Since the Chaldeans' attack is not only aimed at the three friends but at Nebuchadnezzar's character (the one who raised up and promoted "these Jews" in the first place), the king flies into a rage, once again. He graciously (?) gives the three one more opportunity to worship the image, adding, "...what god is there who can deliver you out of my hands?" (3:15) as a last incentive. (Guess he forgot about saying Daniel's God was a "God of gods and a Lord of kings.")

The three reply with all respect due a king that "...we do not need to give you an answer concerning this matter." (3:16) The answer was obvious that they would continue to serve God, no matter what was offered up or said.

That is the point that leaves us wondering on the inside, gals of faith, if we would do likewise. When our faith is tested, what is our answer? Is it obvious, as it was for Daniel and his friends? Would we be able to look at a seven times heated-up furnace as the path to victory??

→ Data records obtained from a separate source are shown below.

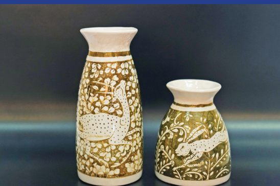
هنرمند: زهرا اصلانی رشته: کاشی سنتی، سفال و سرامیک شهر: اردبیل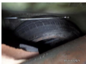
Fot. 42 foto 42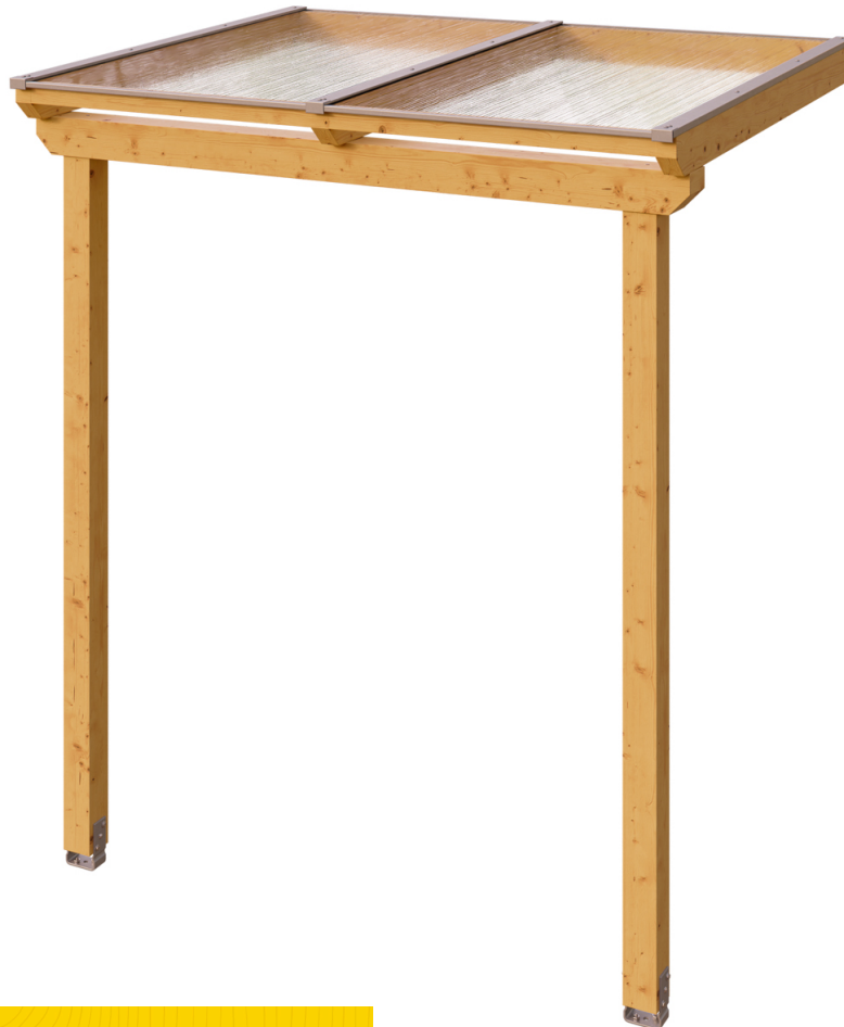
VORDACH ANKLAM 2 220 x 174 cm

Massive Konstruktion aus hochwertigem Leimholz (BSH-Fichte)

When I did the Beth Moore study 5-1/2 years ago, one of her illustrations that I strongly remember is this one from Daniel 3, about when the people of God face a fiery trial:

Scenario A: We can be delivered FROM the fire.
Dividend?:  Our faith is built.

Scenario B: We can be delivered THROUGH the fire.
Dividend?:  Our faith is refined.

Scenario C: We can be delivered BY the fire, STRAIGHT INTO HIS ARMS.
Dividend?:  Our faith is perfected.




Next time, faith refined....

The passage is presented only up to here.